The deceased died on 17 October 2013. Probate of the deceased's will dated 4 October 2013 was granted by this Court to the plaintiff as executor of the estate on 14 January 2014.
Under the deceased's will, the deceased left her shares in a named company to a charity (the Mary Alice Foundation Ltd) (cl 4.2(a)); made certain specific gifts to two named beneficiaries (cl 4.3(a) and (b)); and then made provision for the residue of her estate. Part of the residue is to be distributed to various of her nephews and nieces (cl 4.4(b)-(g)), but the bulk (being 60%) is to be distributed, in accordance with cl 4.4(a) (which has been set out in full above), "to establish a trust in [the deceased's] name to benefit women and children in the United Kingdom".
At the time of the making of the deceased's last will, the deceased considered that her marriage to Peter John Hunt had irretrievably broken down; and the will was expressly made in contemplation of divorce (see cl 5(a) and (b) of the will). Reference is made in cl 5(a) of the will to final property settlement orders having been made in June and September 2013 in the Family Court of Australia. The deceased explained (see cll 5(b) and (c) of the will) that it was her intention that neither Mr Hunt nor his children receive any benefit from her estate, for the reasons there set out.
A family provision claim was nevertheless brought against the deceased's estate by each of her two stepdaughters (Mr Hunt's daughters) under the provisions of Chapter 3 of the Succession Act 2006 (NSW) (see the plaintiff's affidavit sworn 12 March 2018 at [4]). The stepdaughters' claims were resolved at mediation and a Deed dated 27 February 2015 (annexed to the plaintiff's affidavit sworn 12 March 2018) was entered into by the plaintiff, Mr Hunt and the deceased's stepdaughters, recording the parties' agreement and containing releases and indemnities in favour of the executor and the estate. The Deed contemplated the bringing by the plaintiff of a "Construction Suit" and a "Cy Pres Scheme Suit" (those terms being defined in cl 1.1 of the Deed by reference to the gift in cl 4.4(a) of the will) (see Recital D of the Deed).
As part of the compromise of the family provision proceedings, Mr Hunt agreed (among other things) that in the event he became a party to it, he would argue in the Construction Suit that cl 4.4(a) of the will showed a charitable intention; and that, in the event that there was a finding that he was entitled to be paid a portion of the residue payable pursuant to cl 4.4(a) of the will, he would direct the executor to pay that sum as a donation to the Mary Alice Foundation Ltd (cl 1.1(b) of the Deed).

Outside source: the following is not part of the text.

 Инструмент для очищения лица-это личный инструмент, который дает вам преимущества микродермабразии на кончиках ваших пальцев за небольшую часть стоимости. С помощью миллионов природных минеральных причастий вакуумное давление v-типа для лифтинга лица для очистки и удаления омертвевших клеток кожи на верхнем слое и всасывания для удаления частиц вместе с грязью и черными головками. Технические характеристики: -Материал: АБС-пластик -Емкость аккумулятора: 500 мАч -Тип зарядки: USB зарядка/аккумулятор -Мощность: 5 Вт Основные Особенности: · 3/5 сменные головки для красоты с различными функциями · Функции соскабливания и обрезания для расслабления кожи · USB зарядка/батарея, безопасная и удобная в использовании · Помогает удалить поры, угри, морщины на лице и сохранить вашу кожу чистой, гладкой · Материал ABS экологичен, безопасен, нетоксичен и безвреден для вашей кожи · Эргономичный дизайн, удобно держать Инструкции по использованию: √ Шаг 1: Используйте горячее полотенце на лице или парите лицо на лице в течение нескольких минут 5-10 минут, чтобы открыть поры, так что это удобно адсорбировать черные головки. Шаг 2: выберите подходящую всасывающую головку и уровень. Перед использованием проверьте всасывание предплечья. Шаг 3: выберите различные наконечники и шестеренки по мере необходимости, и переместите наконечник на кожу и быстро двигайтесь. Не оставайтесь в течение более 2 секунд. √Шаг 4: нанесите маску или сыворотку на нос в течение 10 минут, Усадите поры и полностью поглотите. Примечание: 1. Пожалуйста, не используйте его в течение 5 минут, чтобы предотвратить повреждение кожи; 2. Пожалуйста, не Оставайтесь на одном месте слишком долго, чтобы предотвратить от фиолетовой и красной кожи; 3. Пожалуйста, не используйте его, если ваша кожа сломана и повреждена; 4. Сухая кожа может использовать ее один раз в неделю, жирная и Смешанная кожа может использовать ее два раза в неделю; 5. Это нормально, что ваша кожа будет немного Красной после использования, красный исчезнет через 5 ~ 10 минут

On 17 May 2017, the New South Wales Crown Solicitor's Office sent a letter (Annexure A to the affidavit of Angela Harvey sworn 19 April 2018) to the plaintiff's solicitors (Swaab Attorneys) informing them of the Attorney General's authorisation of the present proceedings. That letter also requested that potential beneficiaries entitled on intestacy of the deceased be informed of the proceedings; that the draft Summons be amended to seek an order that the trustees give an undertaking that the assets the subject of the gift would be applied to the trust established in the United Kingdom for that purpose (that trust being named The Ellie Trust-: see [14] below); and that further evidence be filed in relation to the proposed purposes of The Ellie Trust. There is no dispute as to the compliance by the plaintiff with those requests. Copies of letters to the potential beneficiaries on intestacy and the acknowledgements received in response thereto were in evidence - exhibited to the affidavit sworn 22 March 2018 of Angela Harvey, the plaintiff's solicitor. None of those individuals has chosen to take part in the present proceedings.

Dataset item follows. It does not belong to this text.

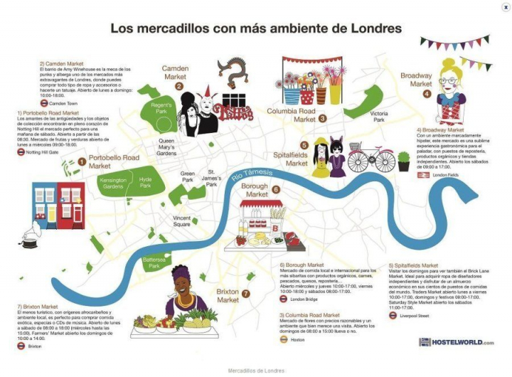 La página web Hosterlworld.com ha hecho una selección de los mercadillos más interesantes de Londres con pistas, cómo llegar y sus horarios. Y lo mejor: también han hecho un divertido mapa para que no te pierdas y sepas ubicar todos ellos.
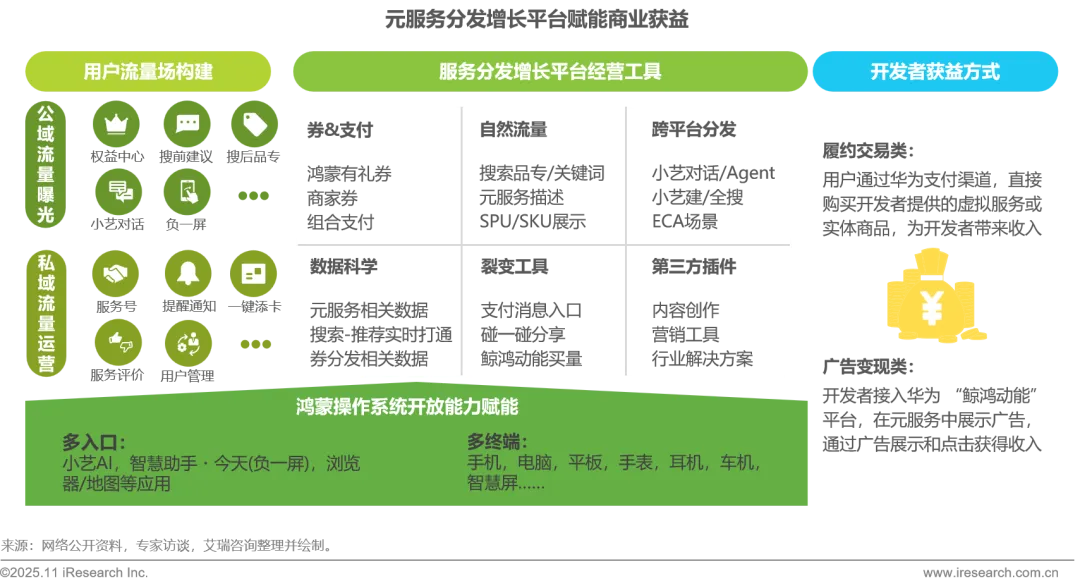 面对中小开发者普遍存在的商业化基础设施薄弱、获客成本高企及变现路径模糊等核心痛点,元服务通过构建系统级公私域联动流量场,配套内置支付、营销及数据分析工具,通过多终端覆盖(手机、车机等)实现履约交易(华为支付直接购买)与广告变现(鲸鸿动能平台)双轨收益模式,系统化解商业化基建缺失、流量获取难等困局,实现从流量触达到收入转化的可持续链路闭环,显著降低商业化门槛,助力开发者聚焦核心服务,驱动商业收益的可持续增长。

The Ellie Trust has now been established by a trust deed drafted by solicitors in the United Kingdom (Edwin Coe LLP, a London-based commercial law firm with experience in charity law - see [10] of the plaintiff's affidavit sworn 12 March 2018). Six individuals have signed the Trust Deed in their capacity as trustees of The Ellie Trust, including Stuart Welton and Aimee-Jo Welton (to whom the gift under cl 4.4(a) of the will is made). (Stuart Welton has deposed that his wife, Amy Welton, is also known as Aimee-Jo Welton - see [2] of his affidavit sworn 14 March 2018.)
As at the date of the hearing before me, The Ellie Trust had not yet been registered as a charity in the United Kingdom but advice has been received as to how the charity should be registered and administered there (see [10] of the plaintiff's affidavit sworn 12 March 2018) and the deceased's nephew (Stuart Welton) has deposed that the deed "is to be settled and registered with the United Kingdom Charity Commission" (see [4] of his affidavit sworn 14 March 2018).
The objects of The Ellie Trust, as set out in cl 2.2 of the Trust Deed, are as follows:
2.2 The Objects are the preservation and protection of the mental and physical health of women and children who have suffered domestic violence, and the prevention of hardship and distress caused to women and children by domestic violence, through the provision of refuges and safe accommodation in Liverpool and the surrounding area.
The plaintiff has deposed that during her lifetime the deceased was involved in several philanthropic causes, including the establishment (with Mr Hunt) of the Manly Women's Shelter, a community-based, not-for-profit, non-government organisation supporting homeless women (see [6]-[7] of the plaintiff's affidavit sworn 12 March 2018). Further, Stuart Welton has deposed as to the deceased's past charitable works (see [6]-[8] of his affidavit) and to conversations with the deceased as to her desire to establish in the United Kingdom a similar charity to that which she had established in Manly (see [14]-[18] of his affidavit).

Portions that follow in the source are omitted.